隠れ蓑〜Another story〜


笑顔で言葉を掛ければ、彼女を取り囲んでいた奴らは真っ青になりそれぞれの持ち場へと戻っていった。

途端に解放された彼女は、俯いていた顔をゆっくりと上げながら小さく呟いた。












「っ、、、ありがとうございました、、。

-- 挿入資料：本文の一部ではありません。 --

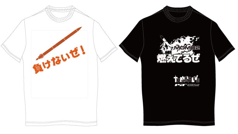 また、今回特別にMOMO2号機打上げ失敗直後に開催されたTOKACHI ALIVE会場で販売された「燃えてるぜ!」Tシャツを再生産してリターンとさせていただきます。どちらかをお選びください。
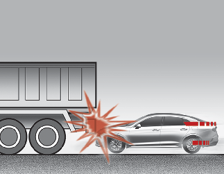وفي الغالب، قبيل حدوث التصادم، سيقوم السائق بعمل فرملة شديدة. ستؤدي هذه الفرملة الشديدة إلى خفض الجزء الأمامي من السيارة مما قد يؤدي إلى "دخول مقدمة السيارة" تحت مركبة أخرى ذات خُلوص أرضي أعلى (أعلى ارتفاعًا عن الأرض). قد لا تنتفخ الوسائد الهوائية في حالة "دخول مقدمة سيارتك تحت مركبة أخرى" لأن قوى التباطؤ التي ستكتشفها المستشعرات بفعل مثل هذا التصادم قد تستبدل بمثل هذا التصادم.
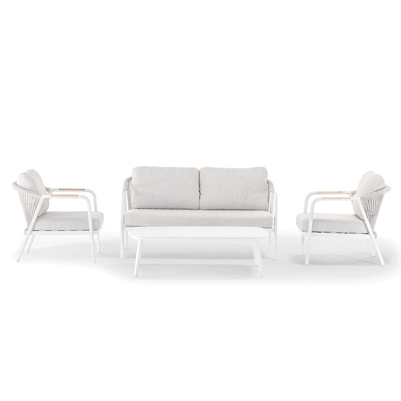 A Cordoba kerti kanapé szett egy letisztult és modern megjelenésű bútorcsalád, amely kényelmesen párnázott ülőfelületeivel tökéletes kikapcsolódást nyújt a szabadban. A minőségi anyagokból készült szett tartalmaz egy 2 személyes kanapét, két fotelt és egy dohányzóasztalt. Kétféle színben is elérhető, így ideális választás mindenki számára, aki stílusos és komfortos berendezést keres a kertjébe. Méretek: kanapé 142x80x74 cm, fotel 68x80x74 cm, asztal 90x90x37 cm.

」




その安堵した表情と、吸い込まれそうなほど綺麗な瞳と目があって一瞬で心奪われる。

深々と頭を下げ、走り去っていく彼女に柄にもなく一目惚した瞬間だった。










それから今まで関係のあった女を片っ端から切っていった。

受付に立つ同期の芹香を除いて。











その間にも、彼女は恋人が出来た。

1人目の男とは直ぐに破局したが、2人目の男とか長く続いていた。




しかもその男は、同じ営業部の人間で自分と同期の奴だった。

その事を知った時は、自分でも驚くほど黒い感情が湧き出てきてこれが世に言う〝嫉妬〟
だという事に後から気づいた。





そんな同期の男と付き合いだした彼女に、中途半端な時期に異動の辞令が言い渡された。

異動先はまさかの受付で、受付嬢の制服を見事に着こなし、、美しく着飾った彼女は一気に注目の的となった。